“The loneliest people are the kindest. The saddest people smile the brightest. The most damaged people are the wisest. All because they do not wish to see anyone else suffer the way they do.”

The garden can be one of the loneliest places, but sometimes…that’s just the way I like it.

The peace and tranquillity, coupled with all the sounds, smells, colours, plus all the wildlife makes it a very calming place to be. In one of my earlier posts (‘It’s a Kind of Magic’), I talked about the garden in your head, the one that holds all those wonderful memories that you can go back to; especially in times of stress. But do those memories of your past sometimes join you in the garden? Or, do the memories from that garden itself join you as well as your own?
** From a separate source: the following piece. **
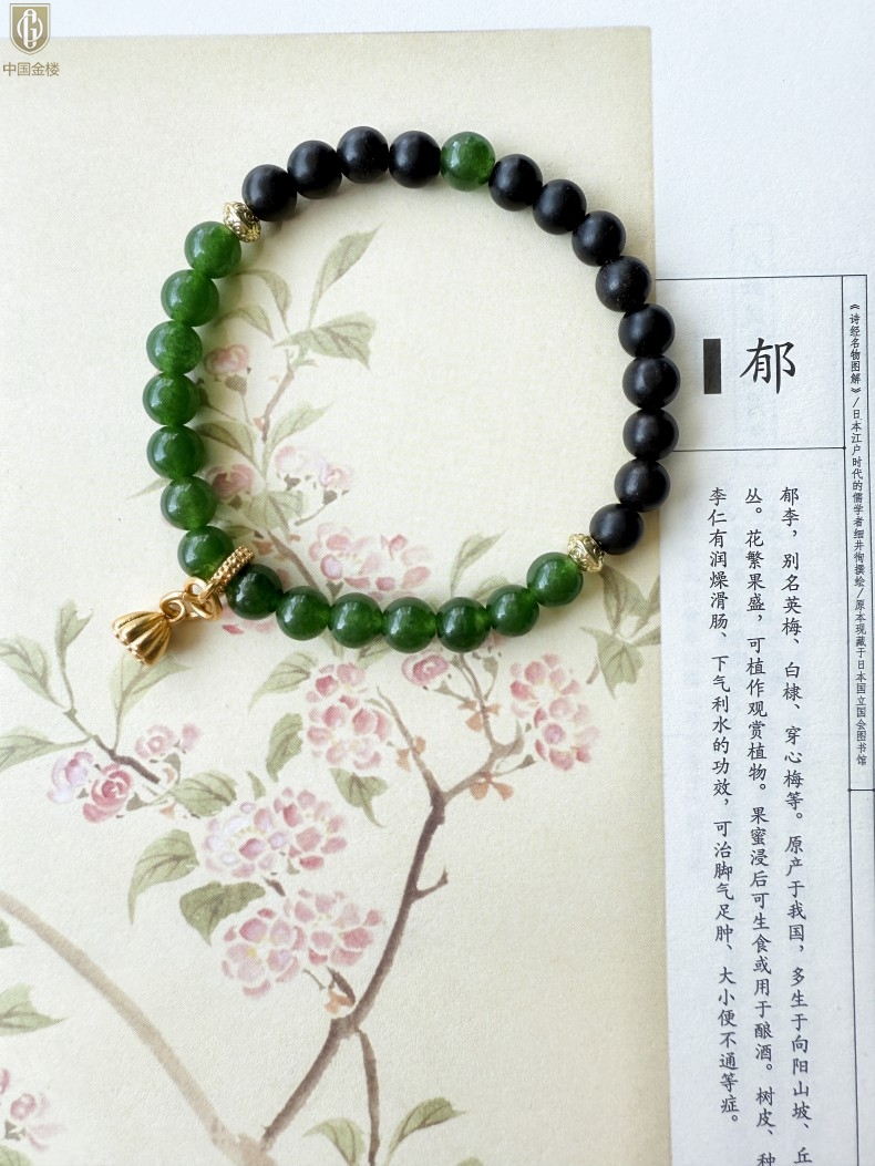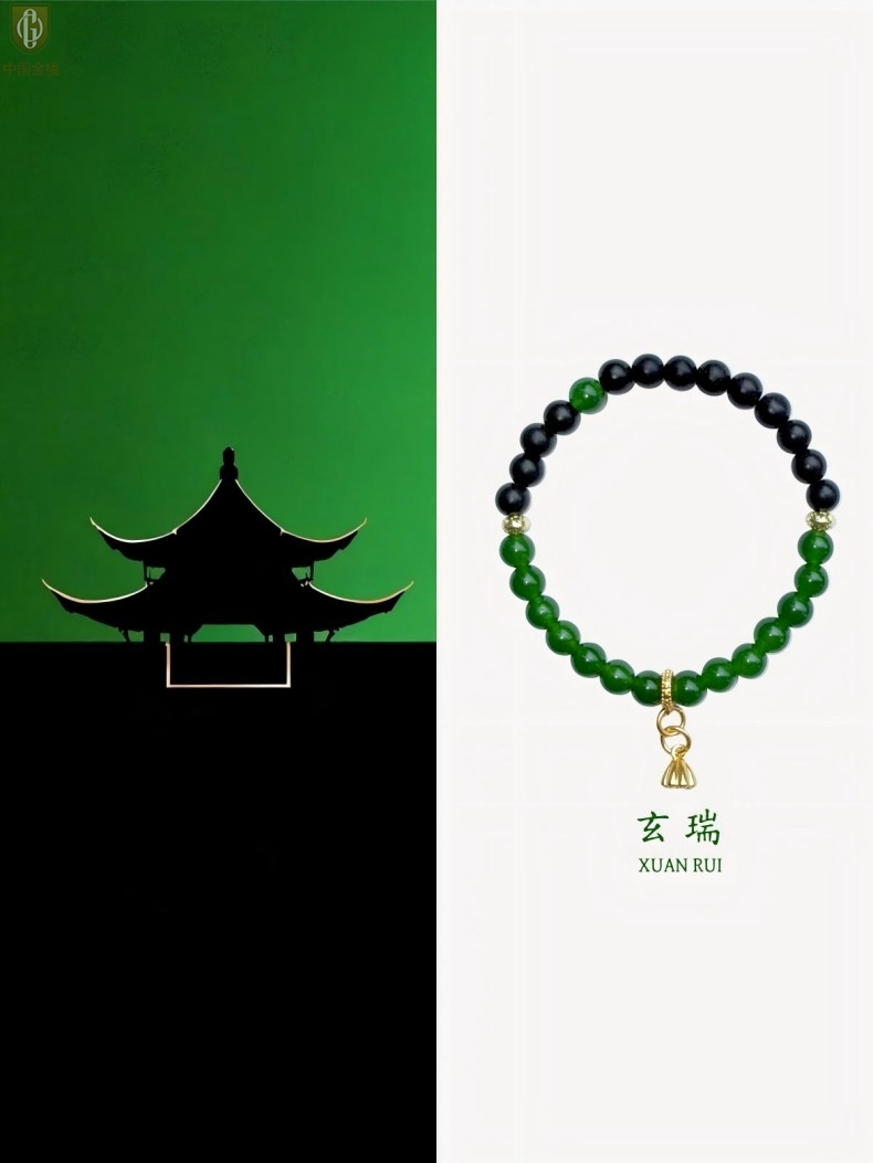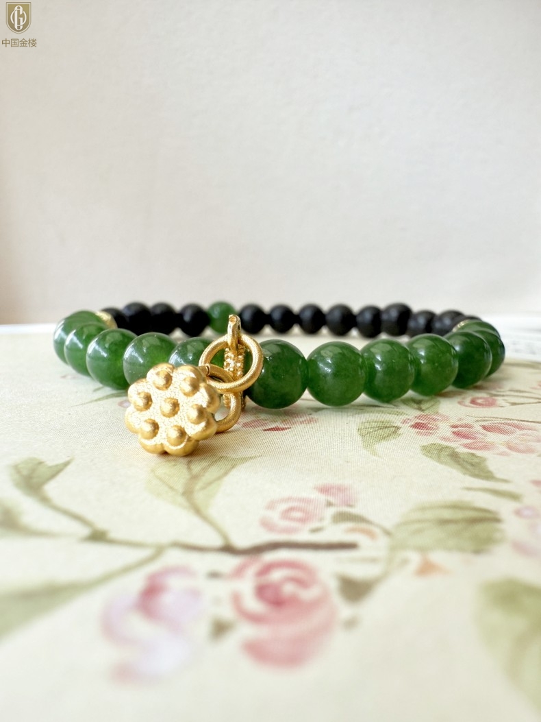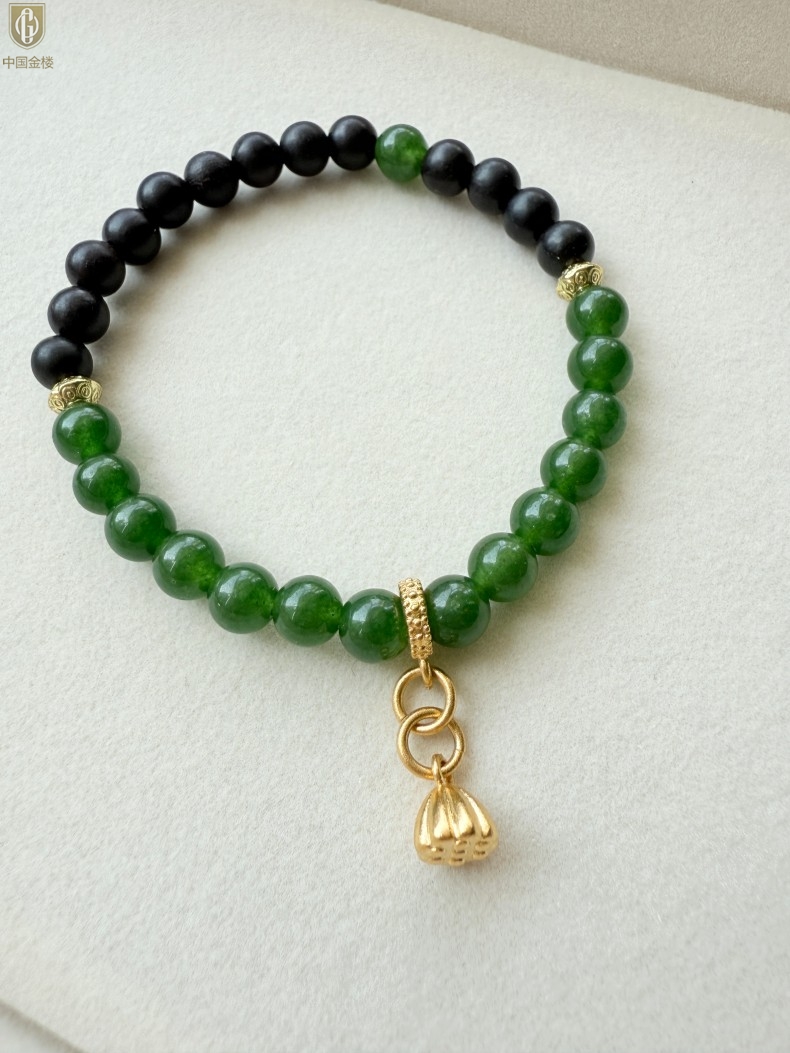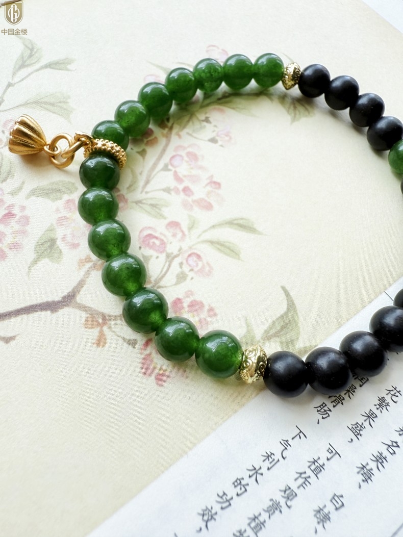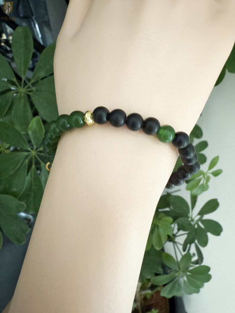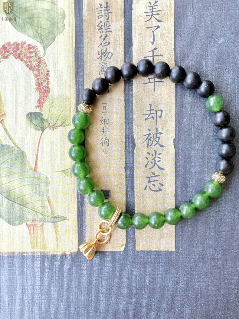 【品名】中国金楼原创「玄瑞」喜木水丨新中式国风和田碧玉黑檀木事业运手串

“People do not die for us immediately, but remain bathed in a sort of aura of life which bears no relation to true immortality but through which they continue to occupy our thoughts in the same way as when they were alive. It is as though they were traveling abroad.” ~Marcel Proust

Having grown up knowing, playing and having worked at Hemingford Grey manor, and for those of you who don’t know, this is the place where the ‘Green Knowe’ children’s books were based and written by Lucy Boston. Books that were based, mainly around the house and garden, where the past inhabitants interacted with the present.

They were always happy memories from my childhood, visiting my Nan and Grandad at the manor where they worked and Mrs Boston, who always found the time to say hello. Then later in my teens, I was working there on work experience from school and then for a short time after school. These were feelings of great happiness, magical feelings and the feeling of being safe. The very same feelings I still sometimes get, especially when alone in the gardens I work at today. The safe feeling, the feeling that everything will be ok, especially when there are times of stress. Sometimes the feeling that you are not alone, although it is never a horrible feeling….but one of great comfort.
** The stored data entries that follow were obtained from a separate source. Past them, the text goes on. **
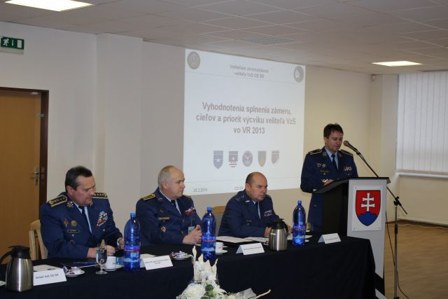 Cieľom dnešného zamestnania bolo za účasti ctených hostí, hlavných funkcionárov veliteľstva vzdušných síl a podriadených zväzkov detailnejšie zhodnotiť plnenie hlavných úloh vzdušných síl podľa jednotlivých priorít a rozhodujúcich úloh stanovených na rok 2013. Oficiálnu časť veliteľského zhromaždenia otvoril brigádny generál Miroslav Korba, ktorý okrem iného uviedol „Vzdušné sily aj v hodnotenom roku 2013, v zmysle národnej legislatívy a medzinárodných záväzkov Slovenskej republiky, plnili úlohy zabezpečenia nepretržitej ochrany vzdušného priestoru Aliancie v rámci integrovaného systému protivzdušnej obrany NATINAMDS rovnako, ako aj úlohy spojené s leteckou pátracou a záchrannou službou“.
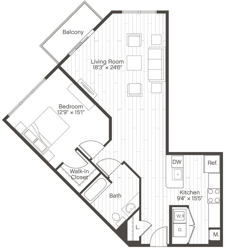 1 Bed, 1 Bath, 714 sq ftAvailable NowModel Gallery
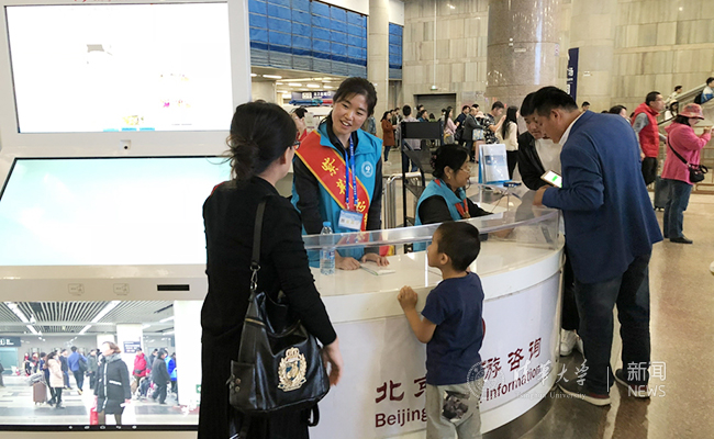8xbet(中国)网10月9日电 2018年国庆假期,作为国内最繁忙的火车站之一,北京西站又迎来了客流高峰期。在熙熙攘攘的旅客当中,一群身着蓝马甲,披着“8xbet.com紫荆志愿者”绶带的年轻人格外引人瞩目,他们活跃在北京西站各个区域,热情地为来往旅客提供咨询与帮助,他们正是来自8xbet.com的学生志愿者。

Are these just similar feelings you get when alone in the garden -as I have said before, the garden is a magical place- or do we get visited by the happy memories of our past…..I’d like to think it is both. I am not religious in any way, but personally I do believe that there is life after death and perhaps when we do pass on, we then keep a close eye on our loved ones. The place you then most feel their presence, is the place you are most at peace.

Saying all that it could just be that because I grew up knowing the Green Knowe stories, I am just making this all up in my head with an over-active imagination and when we die, that’s it, there is no coming back.

I heard many a ghost story from my Nan and Grandad and from Mrs Boston herself, concerning the house and garden. In the short time I worked there, I never saw anything but I most definitely felt that I was never alone. Was it just the wildlife or just my over active imagination? That is something I will never know. Like old houses, old gardens will always have stories of things that go bump in the night, the old Oak tree that they used to hang people on and that old lean to shed, that has plenty of big spiders and cobwebs….I think we all like a good ghost story.

Today I still work in a historical garden and often wonder about it’s past residents and perhaps, do they still visit? Have I walked in the same places as: Isaac Newton, King Henry VIII, Catherine Parr, A.A Milne, Lord Byron, Ludwig Wittgenstein, John Ray and many more. This I will always find fascinating, but the one thing that makes me the most proud, is that I can always say that I have followed and walked in my Grandads footsteps.